Dans son arrêt du 22 février, la Cour de justice de la Cédéao (Communauté économique des États de l'Afrique de l'Ouest) avait estimé que « l'interdiction de sortie du territoire telle qu'elle avait été faite n'avait pas de base légale ». Forts de cette décision, les anciens ministres Oumar Sarr, Madické Niang, Samuel Sarr et Karim Wade se sont rendus, vendredi 29 mars, à l'aéroport, accompagnés d'un huissier de justice pour faire le constat qu'ils étaient encore soumis à une interdiction de sortie du territoire. Le PDS (Parti démocratique sénégalais) a aussitôt annoncé qu'il allait saisir de nouveau la Cour de justice pour demander cette fois la suspension du Sénégal de la Cédéao.

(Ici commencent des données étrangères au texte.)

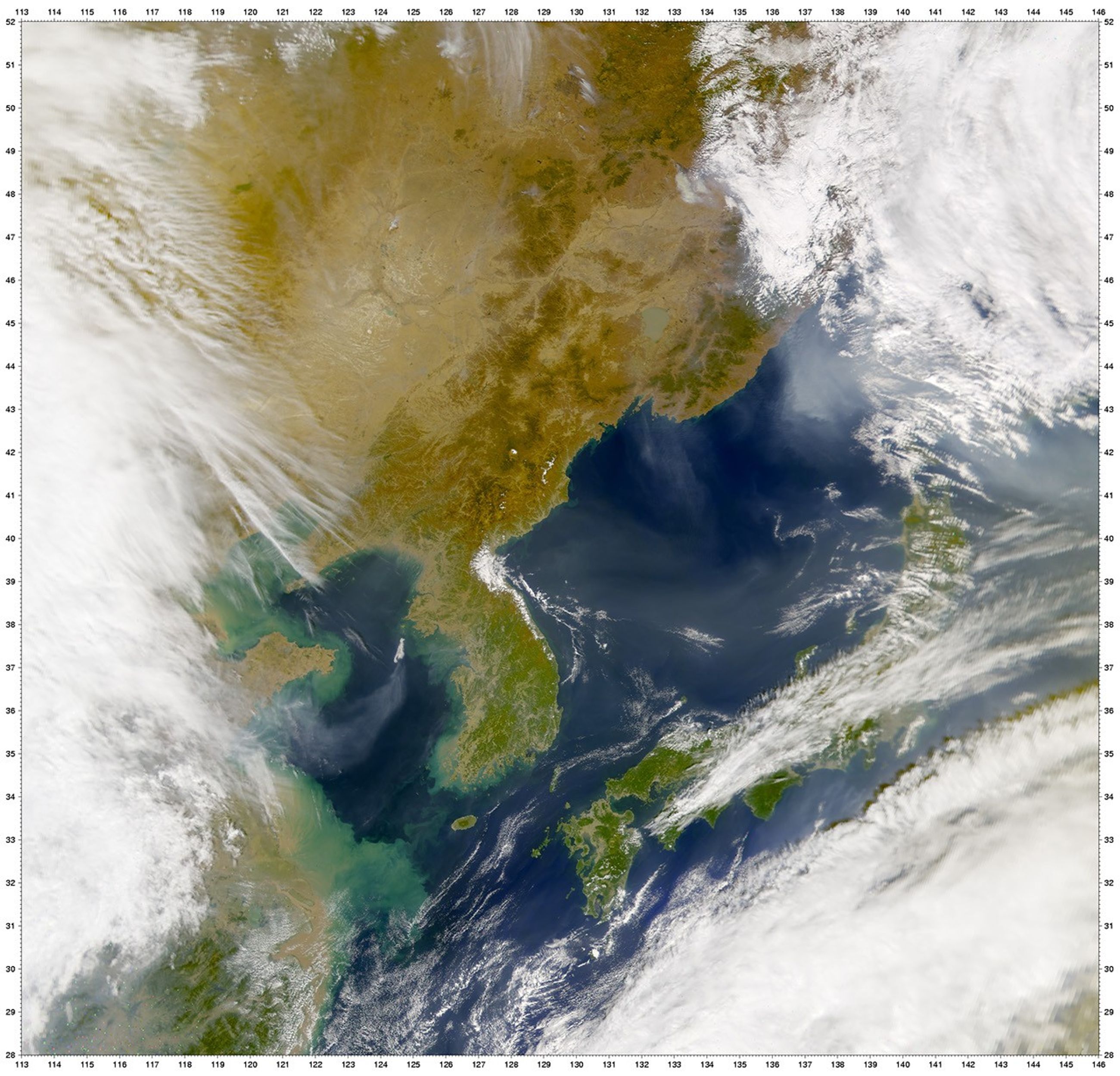 At lower left, the Yangtze River plume in the East China Sea is also very prominent. Sediment suspended in the ocean water is quite brown near the shore, but becomes much greener as it diffuses into the water. The increasing greenness of the river plume is probably an indication of enhanced phytoplankton growth driven by the nutrients in the river runoff.

Lundi 1er avril, les trois organisations sénégalaises de défense des droits de l'homme, la Rencontre africaine pour la défense des droits de l'homme (Raddho), la Ligue sénégalaise des droits humains (LSDH) et Amnesty International ont tenu à rappeler que l'Etat du Sénégal devait se conformer à toutes les décisions de la Cour de la Cédéao, qu'elles lui soient favorables ou défavorables.

«La lecture de l'arrêt diffère», pour le gouvernement

« Ne pas le faire constituerait un précédent dangereux », explique Assane Dioma Ndiaye, de la LSDH. Pour lui, « la Cour de la Cédéao a été claire. Interdire à une personne de quitter le territoire national en l'absence de toute poursuite est une atteinte à ses libertés fondamentales. »

De son côté, Abdou Latif Coulibaly, le porte-parole du gouvernement, affirme que les termes de l'arrêt de la Cour de la Cédeao ont été « scrupuleusement respectés » puisqu'une notification écrite a été envoyée aux intéressés. « C'est la lecture de l'arrêt qui diffère », selon lui.